Same compression ratio will not be the case for Otto cycle and diesel cycle. Because you
are solely compressing air and not air fuel mixture in the diesel cycle, you can go up
to very large compression ratio, and at very large compression ratios, the diesel cycle
might have an efficiency which is quite large. So, same r may not be the same basis for comparison,
but hypothetically, if it’d have been same r, then Otto is greater than diesel. So—but
this mathematical way of comparison can also be substituted by a more physical way of comparison.
So, I will try to give you two examples of comparison of Otto cycle and diesel cycle
before we call it a day today. Okay? So, the first—so, for any comparison, there
should be a basis for comparison. You should not compare apple with an orange. So, for
common basis, let us say, for the same r and same Q H. When heat transfer is given as a
basis, it is better to use the T s diagram, because heat transfer information is directly
available from T s diagram. Work done information is directly available from the p v diagram.
But interestingly, the area under the p v diagram is same as the area under the Ts diagram
for a cycle. Because cyclic integral of heat equal to cyclic integral of work, and area
under the Ts diagram is cyclic integral of Tds which is cyclic integral of del q. So,
area under the p v diagram is same as the area under the T s diagram is same as the
net work and is same as the cyclic integral of heat, all these things are equal if it
is an internally reversible cycle. Because if it is not an internally reversible cycle,
you cannot write del q equal to Tds. So, area under the T s diagram is equal to
integral of del q—cyclic integral of del q, that you can write only for an internally
reversible cycle. Similarly, area under the p v diagram is same as the net work done for
an internally reversible or quasi equilibrium process or a collection of quasi equilibrium
processes. So, these things we must remember. So, same r and same QH. Same r means if you
start with the point 1, the state point 2 will be the same, because T 2 by T 1 is governed
by only R and gamma, right? Then—so, with white line, I will draw the—let us say,
the Otto cycle. This is—what? This is constant volume. And with a red colour, I
will draw the diesel cycle. So, from 2, you will have a constant pressure
line. So, if you have a constant pressure line, constant volume line is steeper than
constant pressure line. So, constant pressure line from 2 will go like this, and heat addition
being the same, the area under 2 to 3 represents the heat addition process in the T s diagram.
So, from 2 to 3, whatever is the area under that, that is the heat transfer, during heat
addition for the Otto cycle. For the diesel cycle, because this line is
going below to compensate for this loss of area, it should go further towards the right,
to make the area under 2 to 3 same as area under 2 to 3 prime. And then—so if you reject
heat with constant volume, then it is a basic continuation of 1 to 4 diagram. Then you see
for the same QH, which is having more q L? For the Otto cycle, this is the q L and for
the diesel cycle, you have this additional q L, right?
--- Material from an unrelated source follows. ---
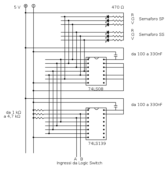 - il Rosso di SS vale zero (cioè si deve accendere) in corrispondenza di A e B;

So, for same Q H, you have more q L for the diesel cycle, that means its efficiency is
less. So, the mathematical form, that for same r, the efficiency of Otto will be more
than efficiency of diesel, we can justify this just physically from the T s diagram.
But this may not be a good basis for comparison as I have already mentioned, that same r may
not be very practical way to look into it. So, let us say, we give a constraint: same
p max and T max. If you have same p max T max—see, p max and T max is occurring at
state point 3, right? So, if p max and T max is occurring at state point 3, and if you
specify these two states, V max is also specified because p v equal to RT, that means, for same
p max T max, that is, the combination of p max T max, you could, in principle, fix up
the state point 3 as unique state point for both Otto cycle and diesel cycle.
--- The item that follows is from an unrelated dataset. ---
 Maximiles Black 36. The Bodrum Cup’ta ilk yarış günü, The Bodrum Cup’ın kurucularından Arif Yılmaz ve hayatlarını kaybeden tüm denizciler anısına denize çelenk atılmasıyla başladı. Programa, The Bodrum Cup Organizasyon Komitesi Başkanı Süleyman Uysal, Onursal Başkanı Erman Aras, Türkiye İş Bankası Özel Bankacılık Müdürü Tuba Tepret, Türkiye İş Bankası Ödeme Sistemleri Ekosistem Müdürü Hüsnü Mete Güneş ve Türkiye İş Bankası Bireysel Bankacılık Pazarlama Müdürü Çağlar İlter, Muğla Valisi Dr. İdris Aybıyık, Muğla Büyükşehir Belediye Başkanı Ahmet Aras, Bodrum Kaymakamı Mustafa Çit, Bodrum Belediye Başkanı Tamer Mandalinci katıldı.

So, let us—so, this is a Otto cycle; with the white line, we have drawn it. So, with
the same state point 3…Now, so—with the same state point 3, the constant volume line
is steeper than constant pressure line, right? So, the constant pressure line will be less
steep and it will go something like this. So, this is p equal to constant. It will go
less steep than constant volume line and then, if you keep 4 and 4 prime and 1 and 1 prime
same, the point 2 prime will above the point—be above the point 2, right? The point 2 prime
will be above the point 2 because of it being—being less steeper.
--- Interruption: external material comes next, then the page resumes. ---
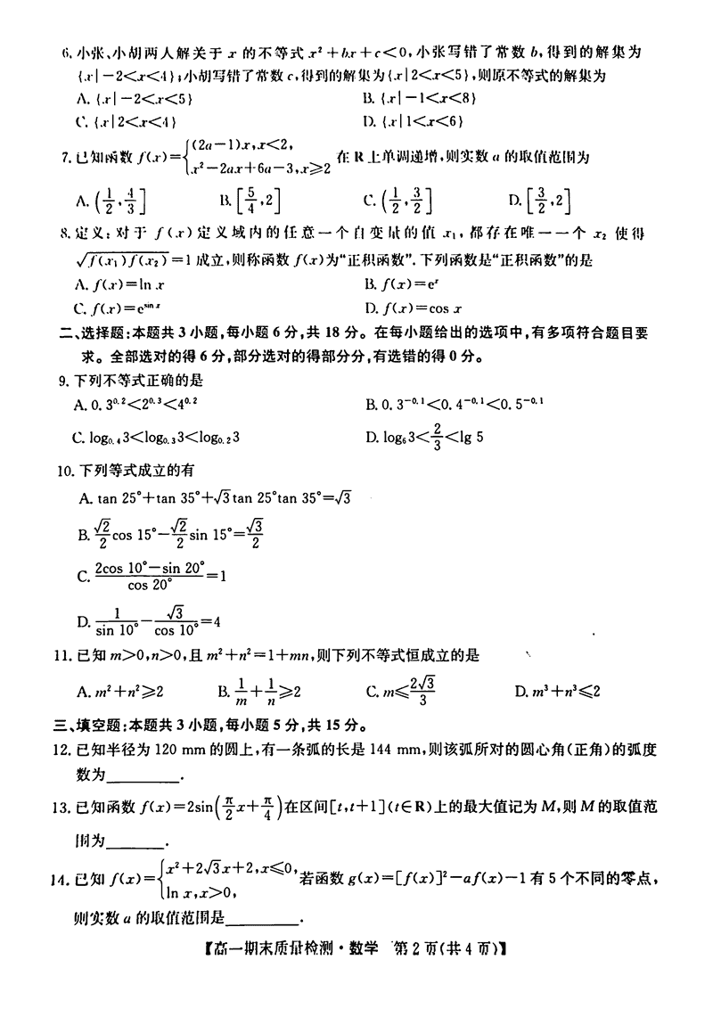 陕西榆林八校联考2024-2025学年高一上学期1月期末数学试题及答案 时间:2025-01-27 陕西 高中数学 陕西省榆林市八校联考2024-2025学年高一上学期1月期末数学考试已于近日开考,为方便考生考后及时查看考试情况,查漏补缺、弥补不足,本文整理了试题答案解析相关信息! 数学试题及答案解析

So, area—the heat rejection being the same, heat addition is area under the T s diagram
from 2 to 3. Because 2 dash is above 2, you have an extra area representing extra heat
addition for the diesel cycle. So, for same heat rejection, if you have more heat addition,
you have more efficiency. So, this is a more logical way of comparing the two cycles and
here, you can see that you have eta diesel greater than eta Otto, because the practical
engine constraints are most of the times dictated by what is the maximum pressure it can withstand,
what is the maximum temperature it can withstand and so on, and not intrinsically by the compression
ratio. So, if somebody asks you a question, does
Otto cycle have more efficiency than diesel cycle or does diesel cycle have more efficiency
than Otto cycle? The first return question that you must ask: what is the basis for comparison?
What are the parameters that you are keeping fixed? So, depending on what you are keeping
fixed, you will have different answers. Right? In this case, you have eta Otto greater than
eta diesel, but in the case two, you have eta diesel greater than eta Otto.
Now, finally, I will give you a small note. What does a real internal combustion cycle—internal
combustion engine cycle look like? Is it Otto, is it diesel? In practice, the heat addition
is neither a constant pressure heat addition nor a constant volume heat addition. So, it
could be perceived as a combination of constant volume and constant pressure heat addition
and there is a cycle that takes that into account. I will not get into the details of
that cycle, but I will just draw the—maybe p v and T s diagram of that cycle; that is
called as a dual cycle. So, dual cycle is a combination of Otto cycle
and diesel cycle, in a sense that part of the heat is added at constant pressure and
part of the heat is added at constant volume. So, if you draw the p v diagram, so you have
compression, then heat addition, partly constant volume and partly constant pressure, but heat
rejection definitely at constant volume. And the T s diagram: so first, constant volume
curve which is steeper and then, less steep constant pressure curve, then reversible adiabatic
expansion and then heat rejection. Okay? So, to summarise, we have discussed two important
air standard cycles: one is the Otto cycle, another is the diesel cycle and we have compared
their efficiencies. But air standard cycle is not just restricted to cycles for internal
combustion engines. We could have other applications where air standard cycle can be applied. One
such application is the gas turbine cycle for which we consider the Joule cycle or the
Brayton cycle. That, we will study in the next lecture.
Thank you.